**DATA FOR THIS EXERCISE:**
____________

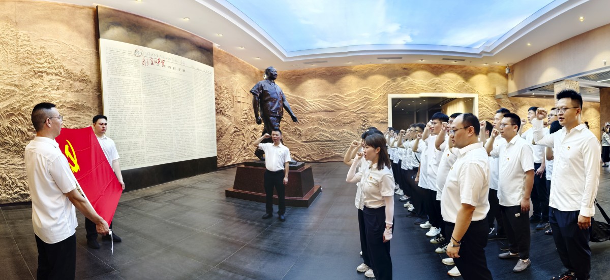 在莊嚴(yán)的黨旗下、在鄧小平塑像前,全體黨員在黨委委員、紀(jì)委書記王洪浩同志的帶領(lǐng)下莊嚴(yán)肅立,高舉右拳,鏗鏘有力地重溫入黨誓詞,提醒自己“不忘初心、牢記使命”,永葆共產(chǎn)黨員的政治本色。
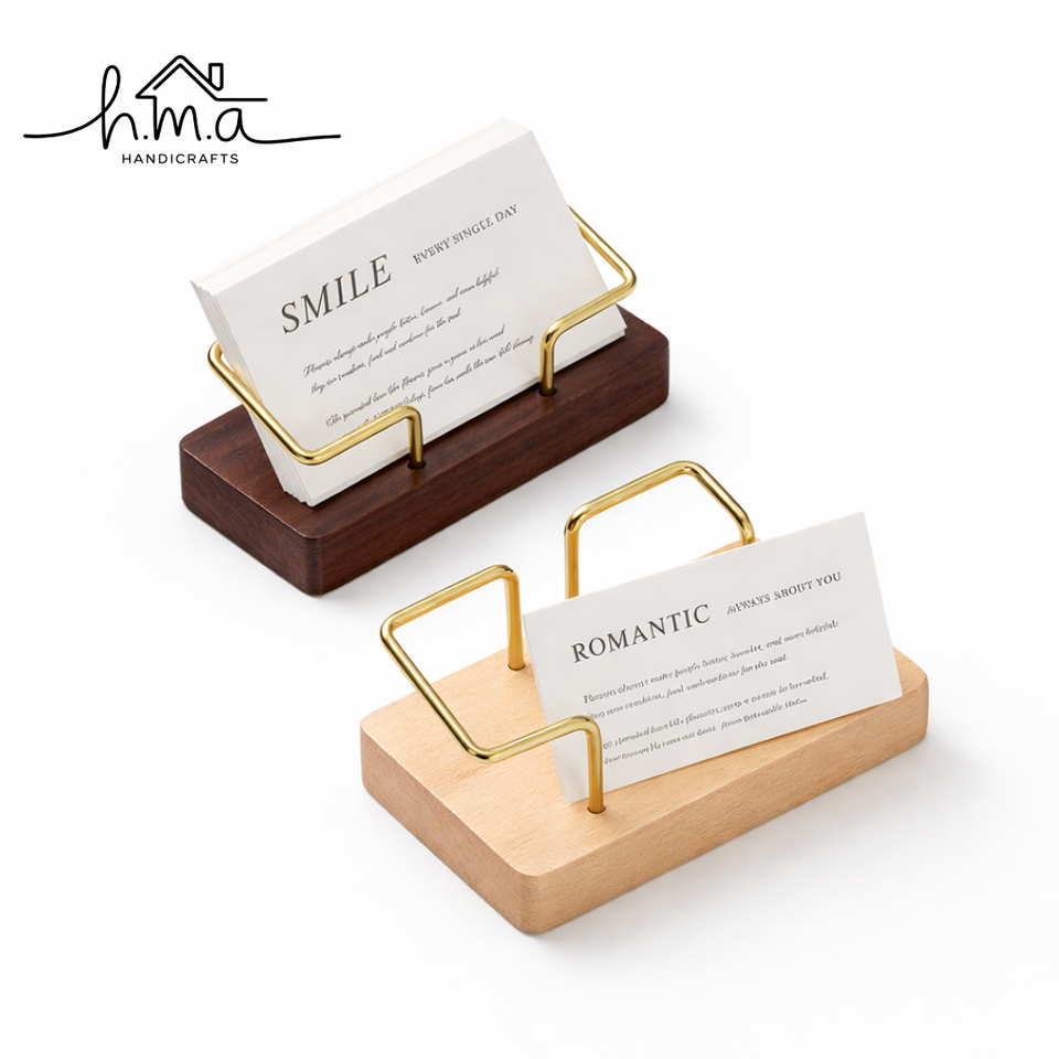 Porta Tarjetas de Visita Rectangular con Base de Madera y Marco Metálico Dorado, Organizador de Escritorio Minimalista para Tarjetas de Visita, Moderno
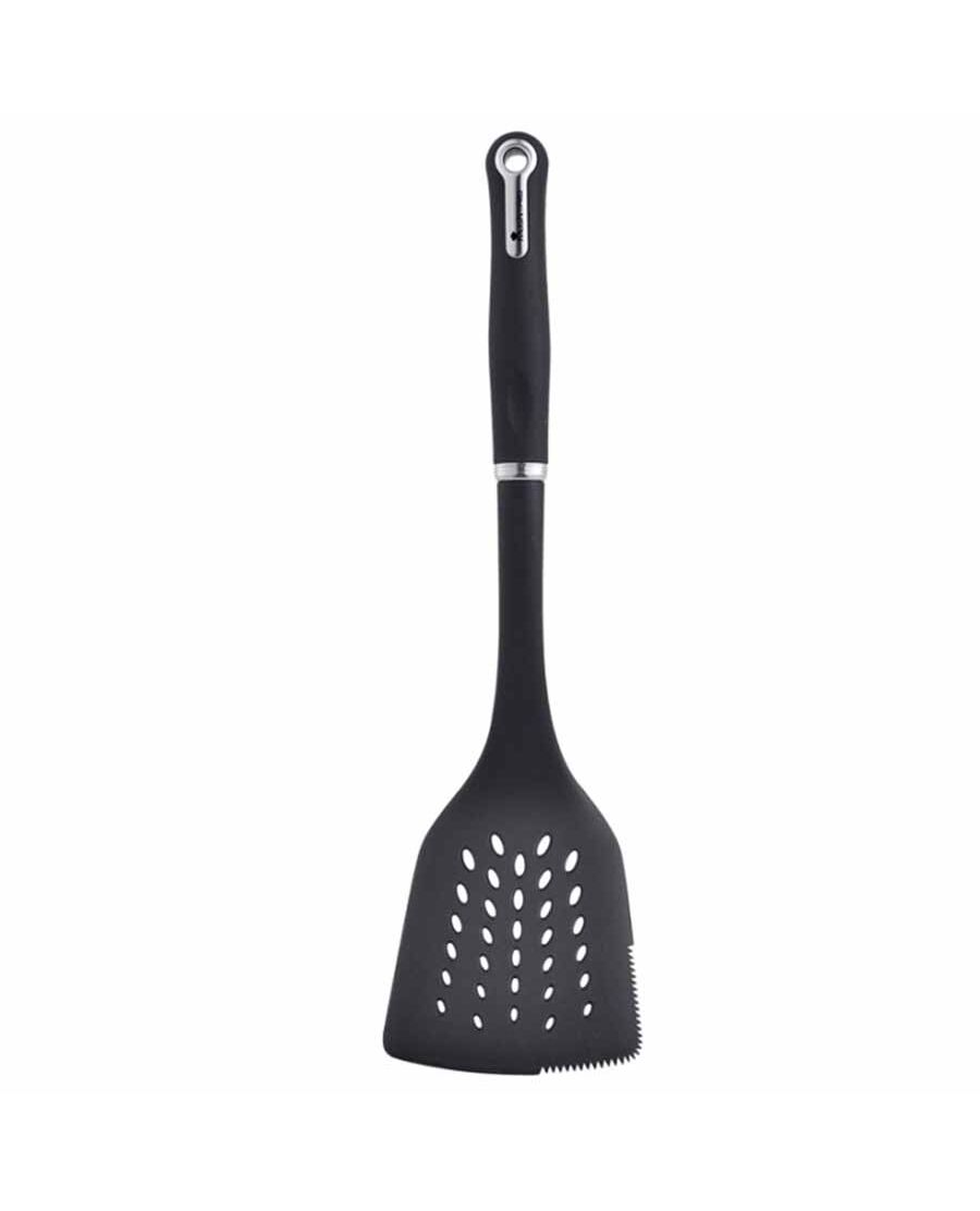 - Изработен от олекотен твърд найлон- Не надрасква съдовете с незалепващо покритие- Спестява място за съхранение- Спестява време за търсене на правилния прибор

____________

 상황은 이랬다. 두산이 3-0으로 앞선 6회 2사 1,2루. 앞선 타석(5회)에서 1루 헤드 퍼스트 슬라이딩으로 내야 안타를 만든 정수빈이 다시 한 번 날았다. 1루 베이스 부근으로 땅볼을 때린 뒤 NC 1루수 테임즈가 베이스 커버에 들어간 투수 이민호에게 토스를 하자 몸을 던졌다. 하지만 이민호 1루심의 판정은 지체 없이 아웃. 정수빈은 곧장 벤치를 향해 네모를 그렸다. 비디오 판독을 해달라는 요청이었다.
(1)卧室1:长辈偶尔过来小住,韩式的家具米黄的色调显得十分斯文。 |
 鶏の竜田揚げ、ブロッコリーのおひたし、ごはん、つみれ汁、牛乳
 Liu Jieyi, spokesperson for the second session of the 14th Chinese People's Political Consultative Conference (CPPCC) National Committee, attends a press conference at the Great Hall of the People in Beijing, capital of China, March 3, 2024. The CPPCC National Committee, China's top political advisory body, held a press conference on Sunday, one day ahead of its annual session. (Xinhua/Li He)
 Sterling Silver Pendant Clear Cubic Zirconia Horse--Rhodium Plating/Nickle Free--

____________

Retype only the lines above between the line with "(1)卧室1:长辈偶尔过来小住,韩式的家具米黄的色调显得十分斯文。 |" and the line with "鶏の竜田揚げ、ブロッコリーのおひたし、ごはん、つみれ汁、牛乳", counting those two lines as well, and keep every character as it is.

**COMPLETED EXERCISE:**
(1)卧室1:长辈偶尔过来小住,韩式的家具米黄的色调显得十分斯文。 |
 鶏の竜田揚げ、ブロッコリーのおひたし、ごはん、つみれ汁、牛乳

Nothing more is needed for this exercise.